• **Task**
Nothing but the lines from the one showing "Carteira Feminina Pequena" through the final line of the data below belongs in the answer, duplicated exactly and without pictures.

====== Data section

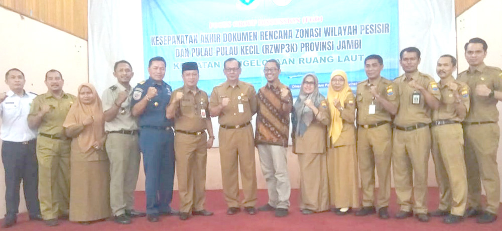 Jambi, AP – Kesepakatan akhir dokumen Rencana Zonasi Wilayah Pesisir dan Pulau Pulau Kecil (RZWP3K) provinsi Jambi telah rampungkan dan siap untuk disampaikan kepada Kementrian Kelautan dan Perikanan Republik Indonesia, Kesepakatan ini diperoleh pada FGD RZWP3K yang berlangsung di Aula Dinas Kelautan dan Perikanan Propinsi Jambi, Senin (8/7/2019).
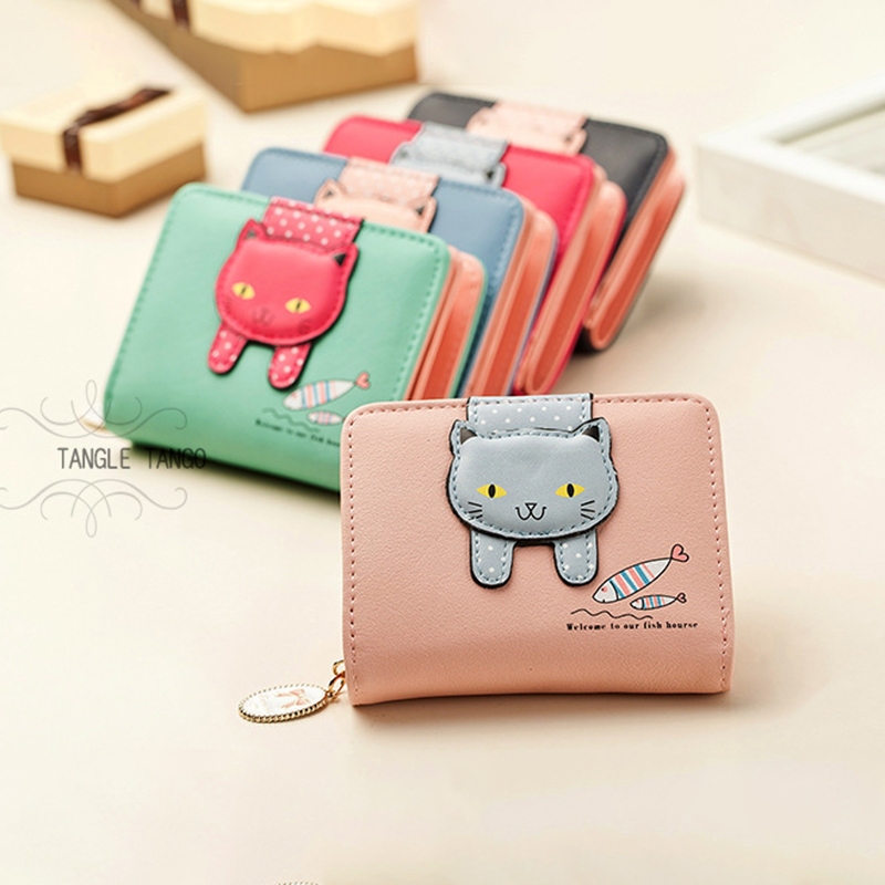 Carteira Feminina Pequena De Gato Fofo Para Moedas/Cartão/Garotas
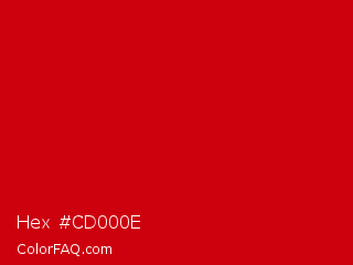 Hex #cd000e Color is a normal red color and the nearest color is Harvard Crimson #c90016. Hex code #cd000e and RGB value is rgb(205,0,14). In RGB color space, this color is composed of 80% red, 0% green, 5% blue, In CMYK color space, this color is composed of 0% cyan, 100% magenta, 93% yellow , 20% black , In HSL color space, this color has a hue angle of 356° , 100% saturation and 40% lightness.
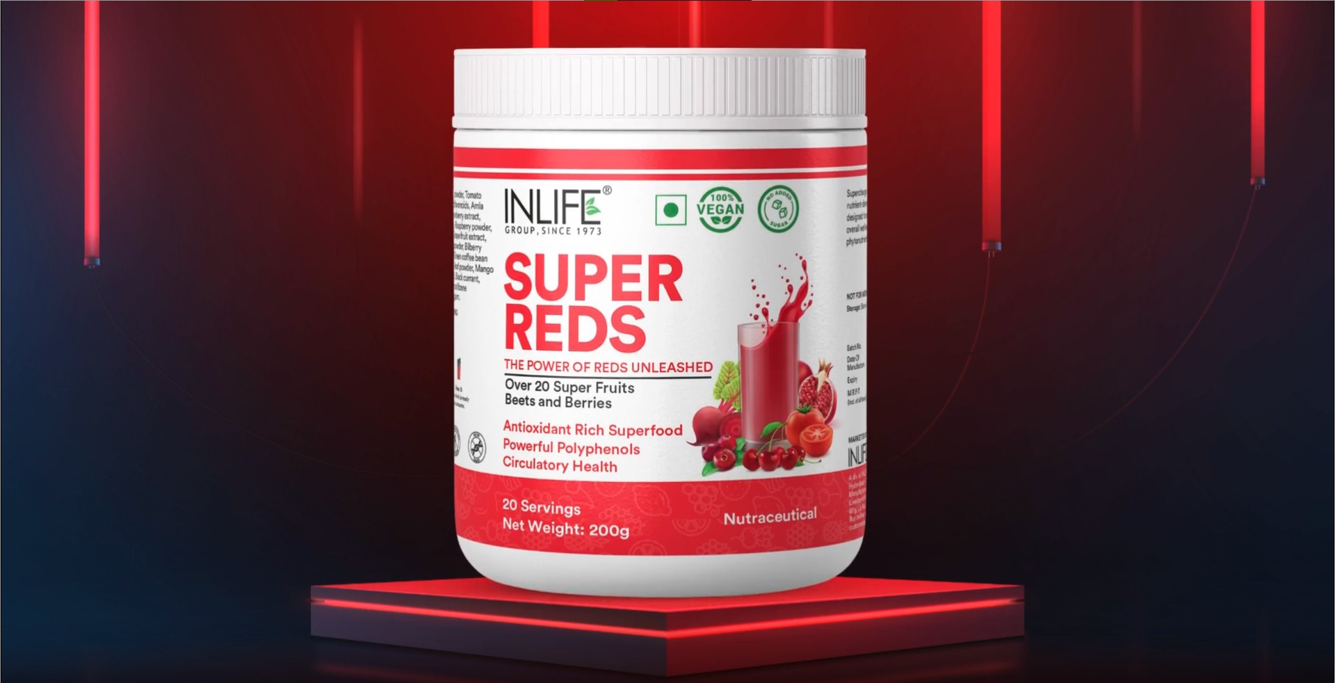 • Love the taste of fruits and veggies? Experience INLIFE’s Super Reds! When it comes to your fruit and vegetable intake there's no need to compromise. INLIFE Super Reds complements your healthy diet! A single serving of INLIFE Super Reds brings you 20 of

============

• **Result for this task**
 Carteira Feminina Pequena De Gato Fofo Para Moedas/Cartão/Garotas
 Hex #cd000e Color is a normal red color and the nearest color is Harvard Crimson #c90016. Hex code #cd000e and RGB value is rgb(205,0,14). In RGB color space, this color is composed of 80% red, 0% green, 5% blue, In CMYK color space, this color is composed of 0% cyan, 100% magenta, 93% yellow , 20% black , In HSL color space, this color has a hue angle of 356° , 100% saturation and 40% lightness.
 • Love the taste of fruits and veggies? Experience INLIFE’s Super Reds! When it comes to your fruit and vegetable intake there's no need to compromise. INLIFE Super Reds complements your healthy diet! A single serving of INLIFE Super Reds brings you 20 of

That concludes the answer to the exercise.